I suspect I could have added at least three years to my life expectancy if I had only read the whole instruction sheet before joining part L-94 to P-27 with the hex-ended, super-spinner support brace. I mean, after all, it looked right from the picture.

So the reality is men don’t like reading instructions. We don’t especially like looking at maps or asking for directions. Not only that, we never read those warning boxes that pop up on our computer screens giving us the choices of OK or cancel, and we won’t go to a counselor or pastor for relationship or marriage advice unless we are coerced.

Here is the problem: we picture ourselves as the “quintessential problem-solver.” To ask for help or advice seems to many of us as a failure to be the rescuer, fixer, and all-around knight in shining armor we envision ourselves to be. I am afraid even though we have been hardwired by the influences of our age to think of ourselves like this, we are missing a huge benefit by not seeking good counsel. We think it makes us look weak or helpless to ask for solid advice or instructions, and the reality is when we don’t, our lives end up looking like the Swedish furniture that I botched by not reading the manual. It’s not pretty!

The sad truth of the matter is many men will not seek help until things have reached the tipping point. More times than I can count, men come into my office seeking counsel after their wives have started separation or divorce procedures, and they want to meet once or twice, get a list of 10 things to do, and have their issues resolved. Life and relationships simply do not work that way. Too many of us have the mentality that relationships can be helped and healed the same way a physician prescribes a medication: “Take two of these pills daily for 14 days and the infection will be gone.”
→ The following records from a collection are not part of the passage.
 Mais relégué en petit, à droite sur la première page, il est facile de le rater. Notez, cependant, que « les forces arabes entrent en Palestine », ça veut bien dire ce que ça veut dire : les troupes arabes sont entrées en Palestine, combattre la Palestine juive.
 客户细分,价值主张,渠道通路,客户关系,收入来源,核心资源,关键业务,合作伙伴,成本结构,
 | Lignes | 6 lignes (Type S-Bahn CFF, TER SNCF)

We men might do better with the whole idea of counseling and relationship advice if we simply re-named what we call it. If we simply re-name it “coaching,” most of us can get our heads around that. There is nothing weak or helpless about being coached. I played college soccer on a team that went to the regional finals many years ago. It was the very first college soccer team Belhaven College (now a university) ever had. We started as a group of young men who loved the sport and decided to form a team. We had no uniforms, no schedules, no fitness regimen, no cheerleaders, and worst of all, no coach. We would have remained simply a group of guys who liked to play soccer without coaching. But with our coach and his advice, we were able to excel and take second place in our region in three short years. Sometimes his advice was gentle; sometimes his counsel was harsh and demanding; other times it was simply encouragement and applause.
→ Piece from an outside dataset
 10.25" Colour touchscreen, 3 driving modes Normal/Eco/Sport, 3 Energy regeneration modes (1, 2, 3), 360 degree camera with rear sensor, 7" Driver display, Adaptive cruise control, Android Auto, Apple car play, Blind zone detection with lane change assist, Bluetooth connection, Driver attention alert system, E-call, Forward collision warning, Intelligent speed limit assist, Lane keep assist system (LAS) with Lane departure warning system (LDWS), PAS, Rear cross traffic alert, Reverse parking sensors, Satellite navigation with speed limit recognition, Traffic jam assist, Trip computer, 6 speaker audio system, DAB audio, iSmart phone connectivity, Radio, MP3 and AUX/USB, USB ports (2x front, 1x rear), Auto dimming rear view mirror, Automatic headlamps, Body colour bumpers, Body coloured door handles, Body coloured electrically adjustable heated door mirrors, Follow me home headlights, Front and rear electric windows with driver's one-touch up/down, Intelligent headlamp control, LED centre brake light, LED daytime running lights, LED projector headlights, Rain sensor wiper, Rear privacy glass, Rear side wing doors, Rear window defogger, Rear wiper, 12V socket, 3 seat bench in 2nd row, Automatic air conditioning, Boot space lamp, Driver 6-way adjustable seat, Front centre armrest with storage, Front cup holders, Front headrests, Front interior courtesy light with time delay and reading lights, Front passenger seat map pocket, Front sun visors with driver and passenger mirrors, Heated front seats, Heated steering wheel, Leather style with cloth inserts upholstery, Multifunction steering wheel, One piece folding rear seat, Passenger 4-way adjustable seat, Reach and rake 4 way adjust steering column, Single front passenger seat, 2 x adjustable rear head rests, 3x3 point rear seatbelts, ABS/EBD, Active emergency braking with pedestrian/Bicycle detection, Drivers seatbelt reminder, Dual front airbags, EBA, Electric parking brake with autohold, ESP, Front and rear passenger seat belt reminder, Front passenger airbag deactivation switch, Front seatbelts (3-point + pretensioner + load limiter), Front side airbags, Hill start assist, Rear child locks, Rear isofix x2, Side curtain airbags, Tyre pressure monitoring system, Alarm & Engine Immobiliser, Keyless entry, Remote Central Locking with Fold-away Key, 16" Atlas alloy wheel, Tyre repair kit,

Gentlemen, we need to be willing to seek and follow good coaching in our relationships and stop thinking of it as a weakness. It is a sign of wisdom and courage to seek the advice of others who have the answers we need. If it is true that men and women are from distinct planets — men from Mars and women from Venus — and each gender is acclimated to its own planet’s society and customs, but not to those of the other, we really do need to see the manliness of seeking out good coaches. The wisdom of these words stand as true today as they did when they were penned long ago: “Through presumption comes nothing but strife, but with those who receive counsel is wisdom.”

Change the word counsel to coaching, and you have got it!